During the band's demise I started to get into electronic music a lot more, and inevitably dance music via Mark Stewart and the Mafia, Tackhead, Revolting Cocks and suchlike. I eventually ended up at techno around 89/90. It was at this time that I met Julian, and later Aaron, who were both into the same stuff and squatting in the same part of north-east London as me. Our mates and our scene was still very punk/squat/traveller orientated and dance music hadn't really made that much of an impact on it. Whilst me and Julian expanded our record collections and went out to raves every weekend, we still felt that this music and the new lifestyle politics of "rave" could impact on our scene without the commercial bullshit angle that was beginning to permeate it.
It was at this time that some of my friends put together a mini sound system and asked me to come down to a party in a squatted pub in Islington. It wasn't a commercial event, and it was set up like a punk squat party, but they had DJs that played techno. They called themselves The Shrape Collective, (later "Urge"). At the same time Julian was throwing similar parties in his big squatted house in Stoke Newington with bands on one floor, and techno on the other. There weren't any DJs though; just tapes. That all changed when Aaron showed his face one night; he had decks and suggested that at the next party the three of us should play together. We did, and Liberator was born.
We threw several urban parties through the autumn and winter of 1991 into 1992 whilst we became involved with many of the fledgling free party sound systems which had started up prior to and during this era, the most famous of which is probably Spiral Tribe.
Spiral Tribe was the essence of the outdoor rave scene; lots of people didn't want to pay ?30 to get into parties so they went and did it in fields, warehouses; wherever.

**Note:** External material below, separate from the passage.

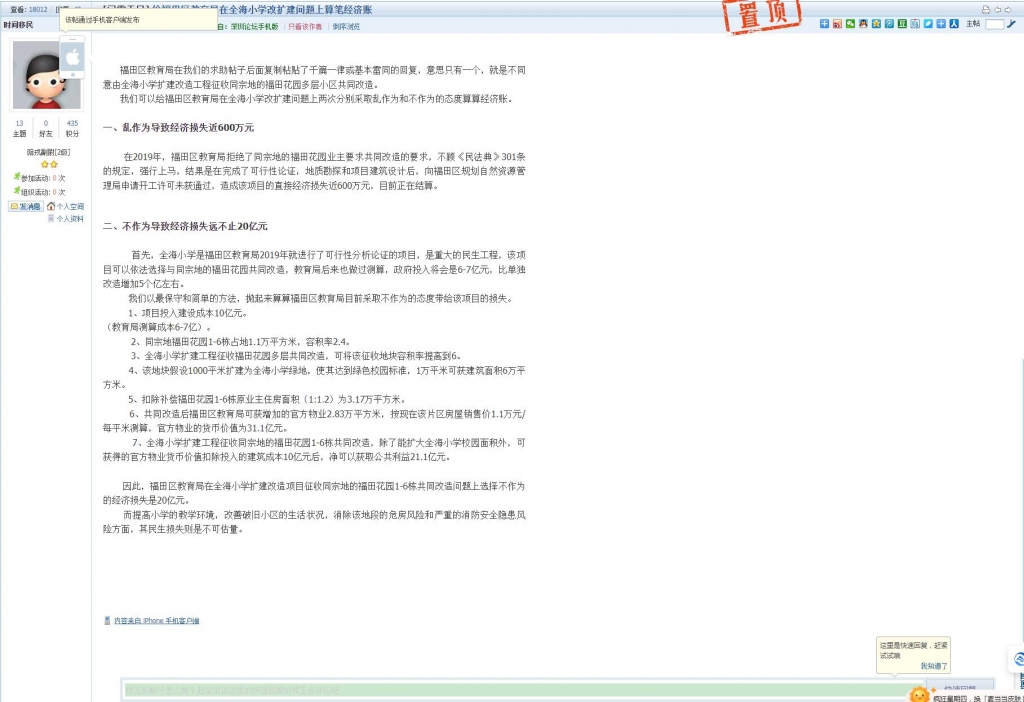 1、帖文《给福田区教育局在全海小学改扩建问题上算笔经济账》

The Bedlam crew were doing stuff around this time. We met them through Conspiracy, a party crew who we worked with during the winter of 1991, and continued to do stuff with them over the next couple of years. That period was fantastic, because the authorities were unsure of how to respond to it all until 1992 when it all exploded, culminating in the legendary Castlemorton party - and the subsequent Criminal Justice Act.

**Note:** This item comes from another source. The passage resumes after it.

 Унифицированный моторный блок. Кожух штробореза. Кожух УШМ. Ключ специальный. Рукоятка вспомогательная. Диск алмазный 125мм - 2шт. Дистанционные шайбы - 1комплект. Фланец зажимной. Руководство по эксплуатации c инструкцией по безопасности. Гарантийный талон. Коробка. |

If you've never been to a free party then you're missing out. It's a shame that as a social phenomenon at least, the impact of this truly underground scene hasn't been more universally felt. It's different to club culture; more race and class divides are broken within it than anywhere else. No-one's really studied it as a social thing, maybe because it seems intimidating at first glace; I remember in the middle of the 1980s before the E explosion, the whole youth culture thing was pretty dangerous! You'd get punks fighting mods and god knows who else getting involved. E was saviour of all that, and E grew out of free parties. It turned a lot of people on to other things and made them do things a bit more meaningful than fighting rival factions. The free party scene took this a stage further and politicised it.